Dr. Steven Taylor is a Professor and Clinical Psychologist in the Department of Psychiatry at the University of British Columbia. For 10 years he was Associate Editor of Behavior Research and Therapy, and now is Associate Editor of the Journal of Cognitive Psychotherapy. He has published over 100 journal articles, over 35 book chapters, and 8 books on anxiety disorders and related topics. His most recent books are on the nature and treatment of hypochondriasis, which is commonly considered to be an OC spectrum disorder. He served as a consultant on the text revision of the Diagnostic and Statistical Manual of Mental Disorders (DSM-IV-TR), and is a member of the scientific advisory board of the Anxiety Disorders Association of Canada. He has received early career awards from the Canadian Psychological Association, the Association for Advancement of Behavior Therapy, and the Anxiety Disorders Association of America. He is also a Fellow of the Canadian Psychological Association and the Association of Cognitive Therapy. His clinical and research interests include cognitive-behavioral treatments and mechanisms of anxiety disordres and related conditions.

Book preview

Introduction

A Markov model refers to a stochastic model that is used to model systems that spontaneously change and where there is an assumption that future states rely on the current ones, and not on the events that happened before it. Markov models are used varying situations though the most models are categorized into four, and the categorizations mainly depends on whether each and every chronological condition is can or cannot be observed, and whether the model is to be attuned on the basis of the realized observations.

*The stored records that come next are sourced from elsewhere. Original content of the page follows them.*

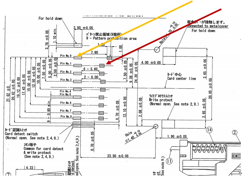 Hallo Wollte grade den Footprint einer SD Karte zeichnen. Nun bin ich grade etwas unsicher. Welches sind die Anschluss der Pads im angehängten Bild? Da wo der rote oder der gelbe Pfeil hinzeigt? Danke für die Hilfe. Hier der Link zum ganzen DB https://www.distrelec.de/sd-card-sockel/yamaichi-electronics/fps-009-2405-0/650223 Gruss und danke
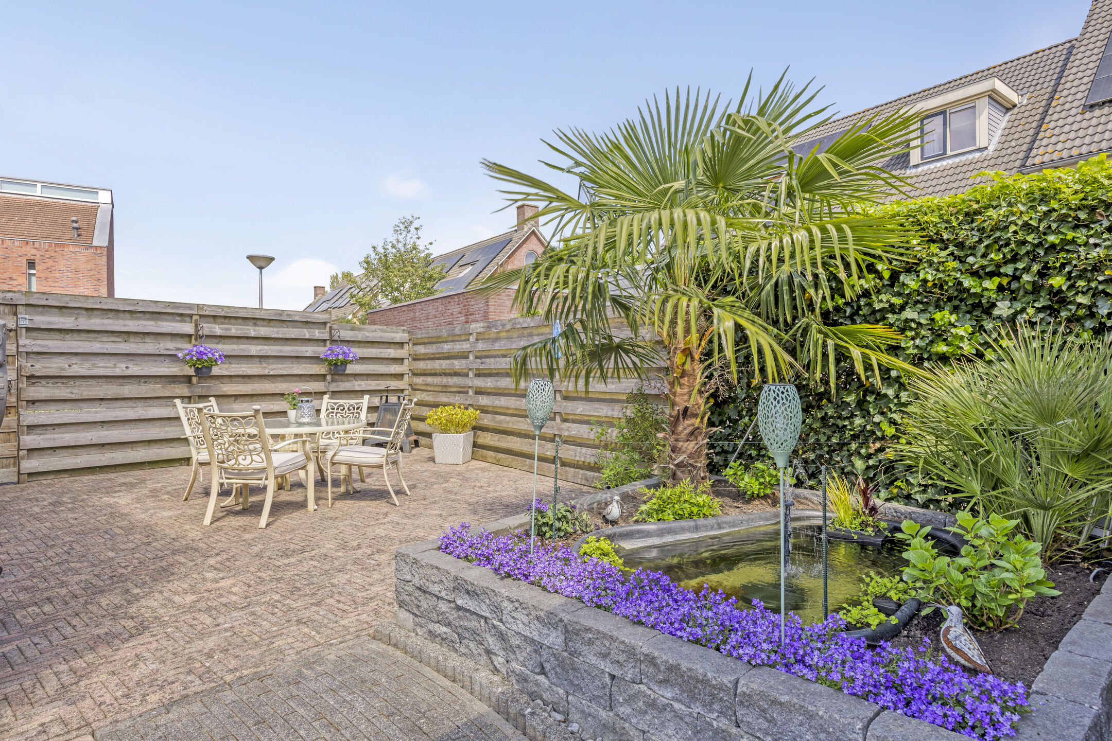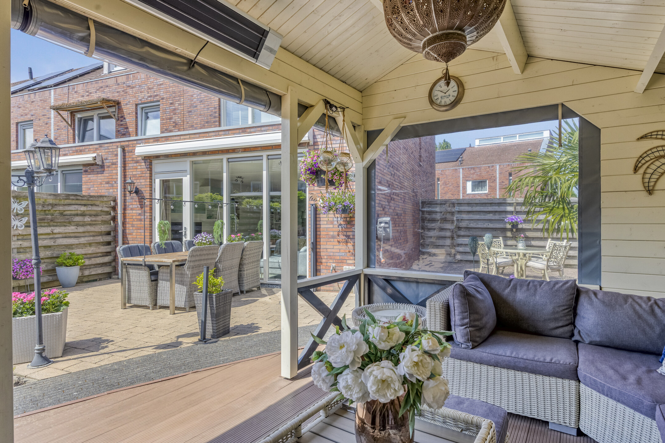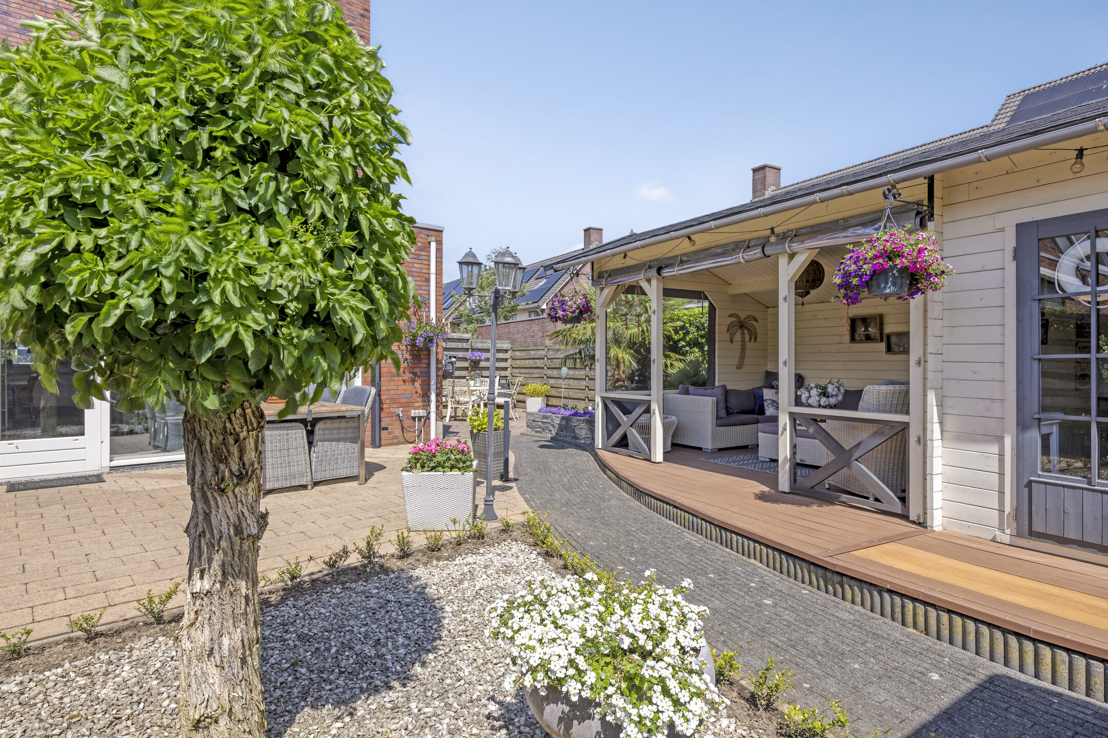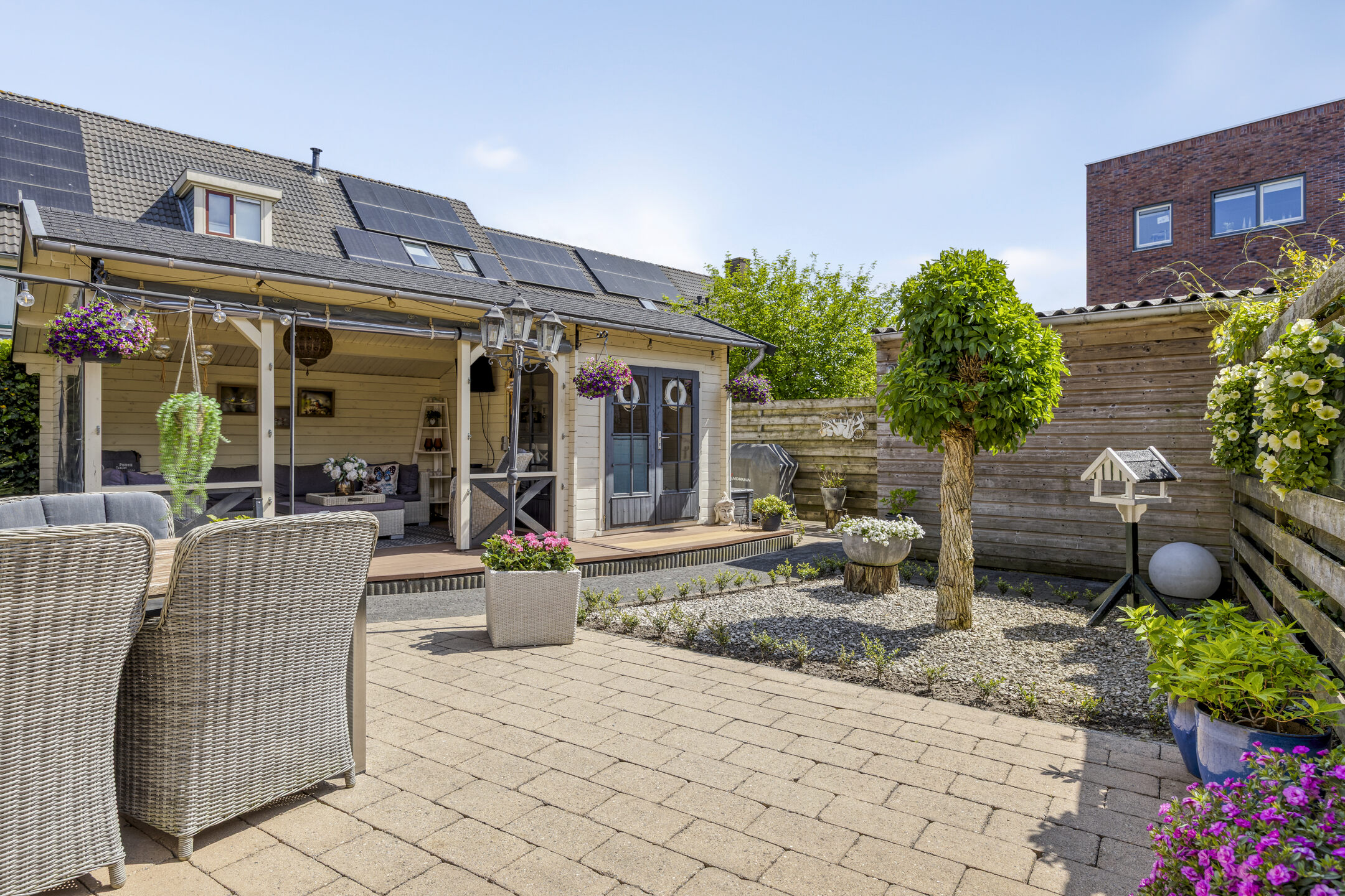 Fraai aangelegde achtertuin op het zuidwesten met terras aan de achtergevel voorzien van elektrisch zonnescherm met nieuw doek, sierbestrating, vijver, berging en sfeervolle houten overkapping met aangebouwde bar. In deze berging is een gezellige bar gemaakt. De tuin is achterom te bereiken via de voorzijde en het achterpad. Voortuin met parkeerruimte voor twee personenauto’s op eigen terrein.
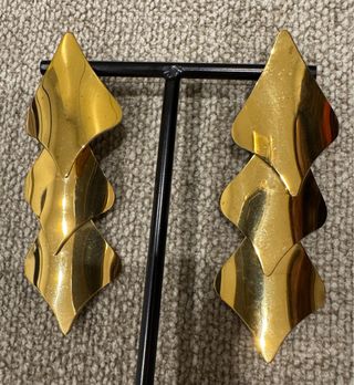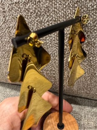 Elegantes pendientes largos con un diseño moderno de la marca imperfections de Anna Parent Ibiza. - Acabado metálico dorado. - Forma alargada y estilizada. Según la descripción cuando los compré son plata bañado en oro. (No viene sello ninguno)
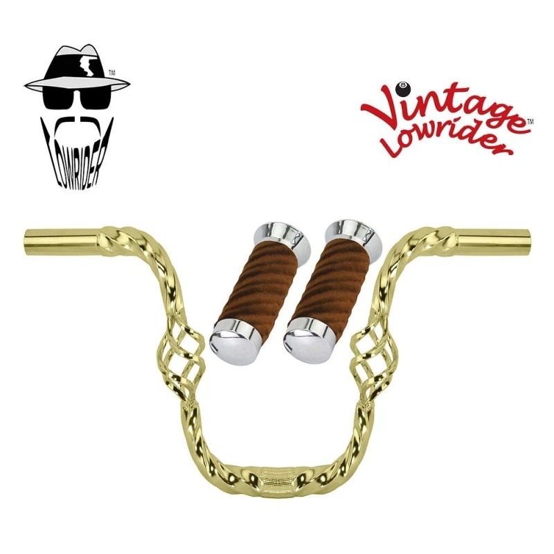Vintage Lowrider Handlebar Square Twisted w/Cage 9" 25.4mm Gold, Brown Grips Velour Swirl
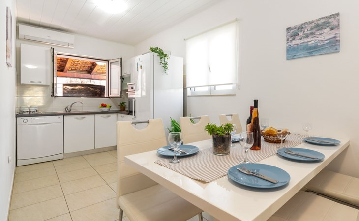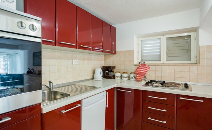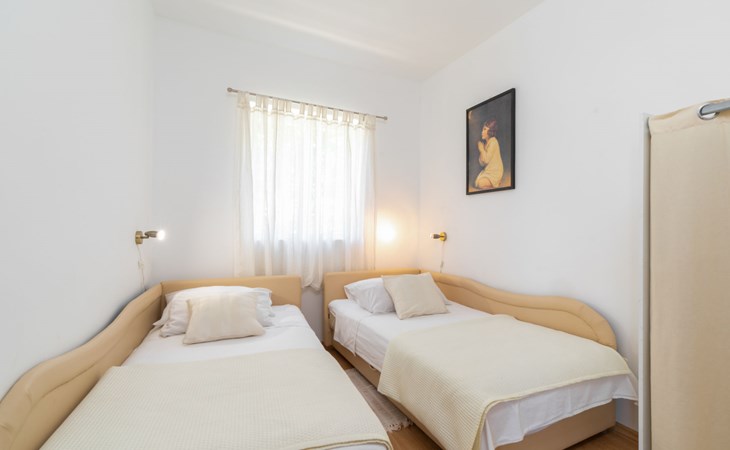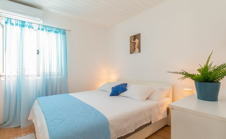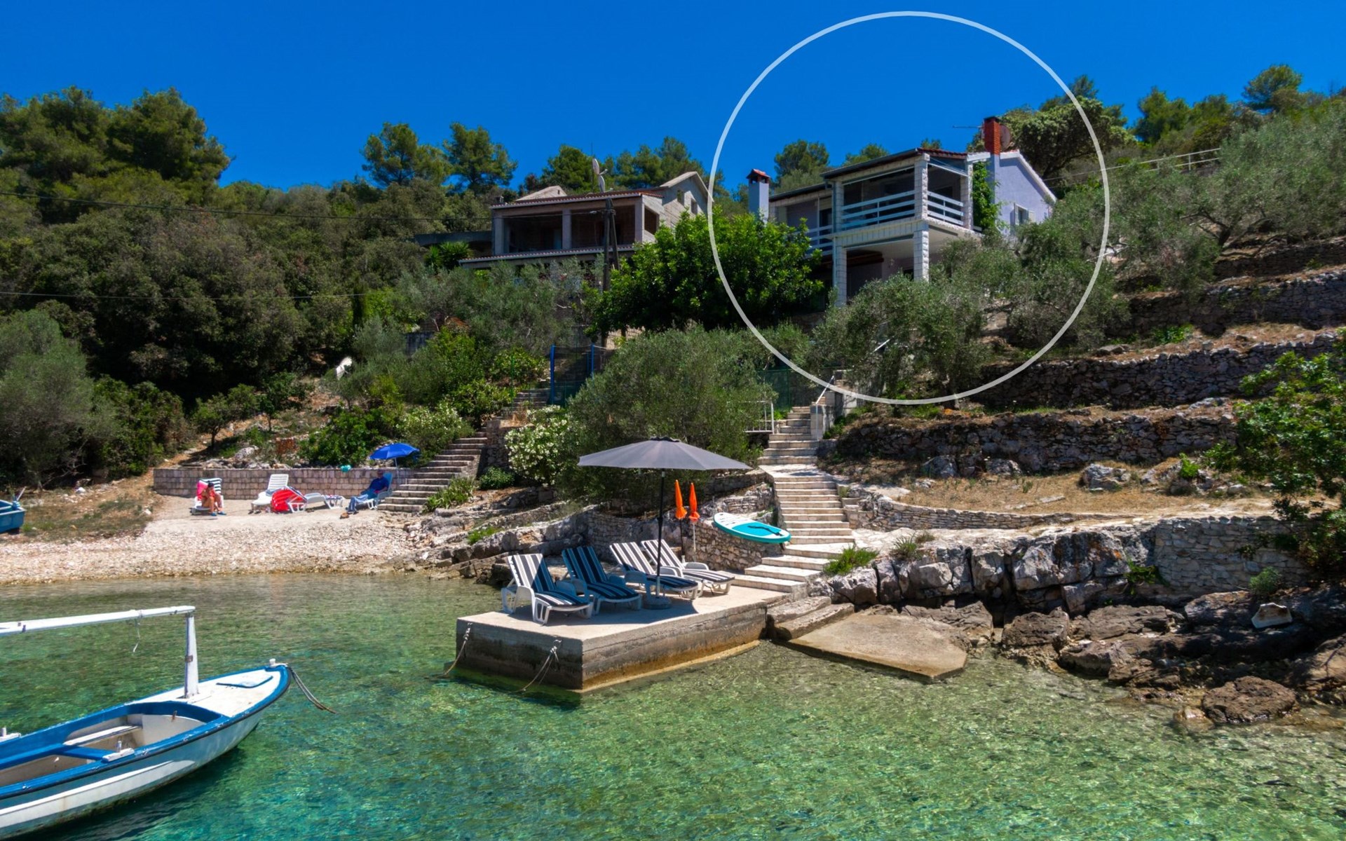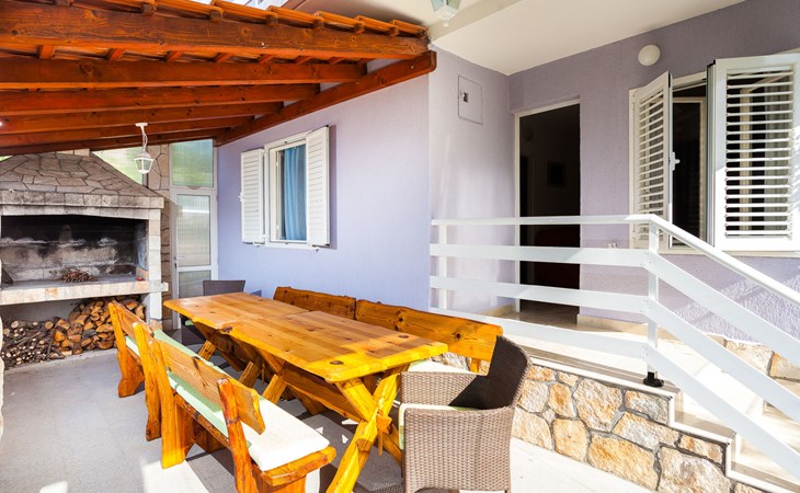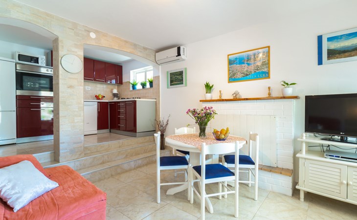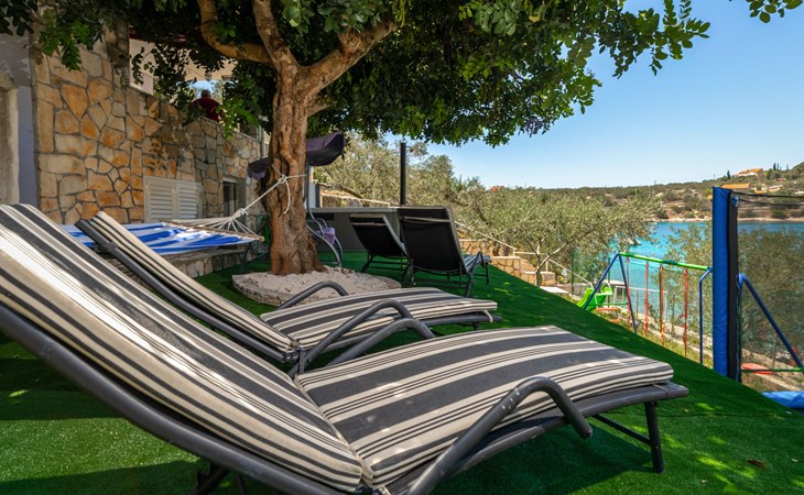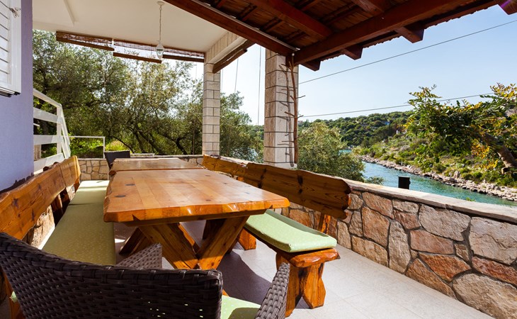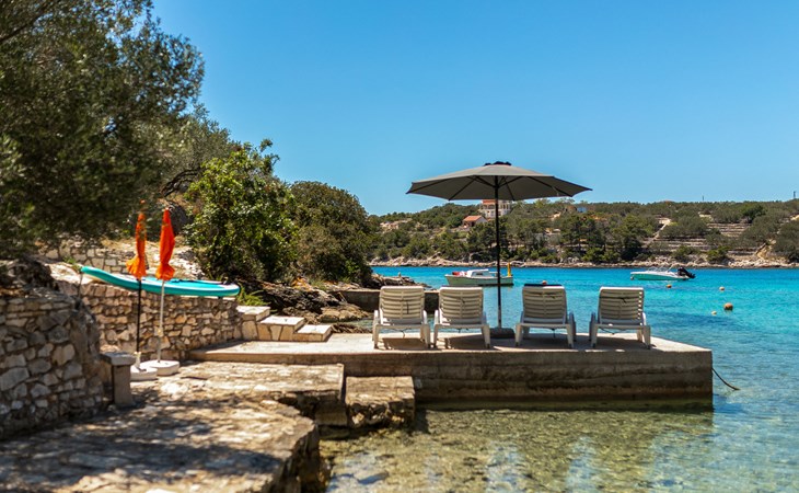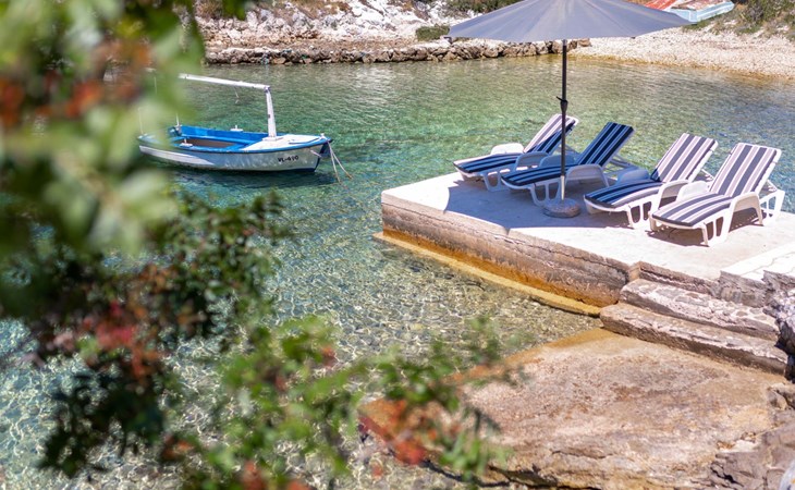 Stracincica 6 km von Vela Luka: Einfamilienhaus "Nataly", auf 2 Stockwerken. Ruhige, sonnige Lage am Hang, 20 m vom Meer, 20 m vom Strand, in einer Sackgasse, im Grünen, Richtung Westen. Zur Alleinbenutzung: Aussendusche, Sprudelbad, Grill. Im Hause: Internetzugang, Wäscherei. Holprige Zufahrt (1 km Naturweg). Parkplatz auf dem Grundstück. Einkaufsgeschäft 5 km, Restaurant 5 km, Bushaltestelle 6.7 km, Steinstrand 50 m, Felsstrand 20 m.
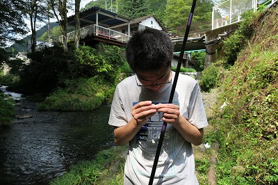 Sは初めて自分で餌(疑似餌だが)を付けた。
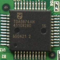 A2/NICAM стерео декодируется с помощью отдельного демодулятора/аудиодекодера Philips TDA9874AH, установленного на обратной стороне платы.
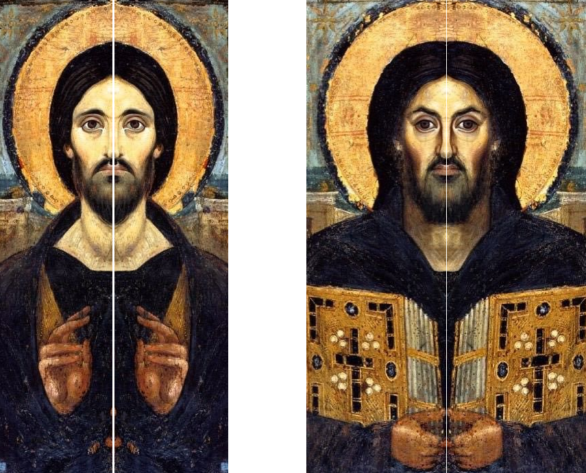 판타크라토르 이콘 합성 이미지, 인간적인 속성(좌) / 신적인 속성(우)
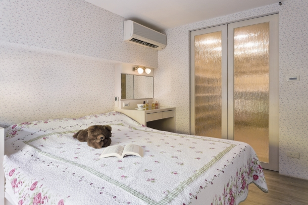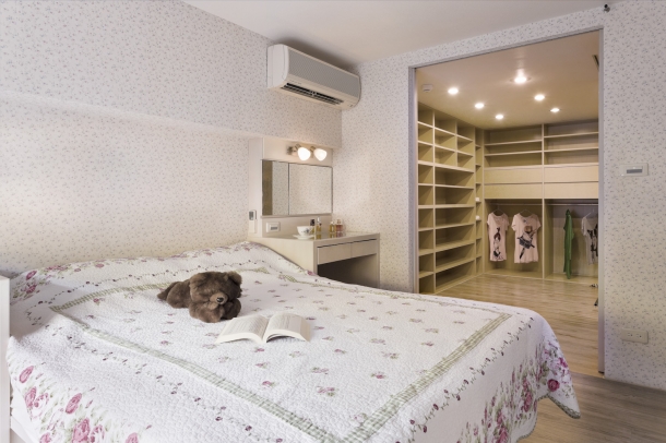 主臥室床側隔著輕盈的水波紋玻璃拉門安排更衣間,提供各種令人歎為觀止的收納巧思。
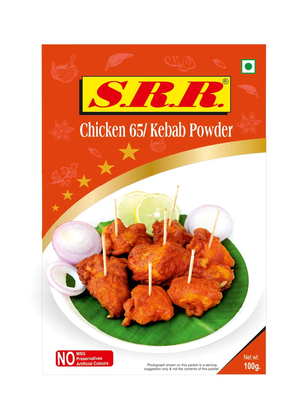 SRR Chicken Kebab/ 65 Masala Very easy to prepare and very tasty. Non SpicyAdults and children will love eating it. Contains No Artificial Colours Contains No Mono Sodium Glutamate (MSG)

The most basic Markov model is the Markov chain. It is responsible for modelling the state of a system with a random variable that alters over time. This means that this concept is of the view that the distribution for this variable relies solely on the distribution of a previous state.

Markov models are valuable once a decision problem entails risk that is constant over time, when the scheduling of events is imperative. In addition, Markov models are also very valuable when vital events may take place more than once. Coming up with proper representations of such sensitive settings with traditional decision trees is complex and may call for impracticable simplifying assumptions. In medical settings, for instance, Markov models are based on an assumption that a patient is constantly in one of a limited number of distinct states of health, which are called Markov states. In that situation, all events are modeled as transitions coming from one health state to another health state.

Among techniques for evaluating a Markov model include the use of matrix algebra, the use of cohort simulation and the application of a Monte Carlo simulation. There is a recently emerging method for representing Markov models, which uses the Markov-cycle tree. This technique uses a tree depiction of clinical incidents. It can be either a Monte Carlo simulation of a cohort simulation when evaluated. The Markov model has the capacity of representing repetitive or recurring events and this is a powerful advantage. Moreover, the fact that time dependence of the two probabilities and utilities permits clinical settings to be more accurately represented.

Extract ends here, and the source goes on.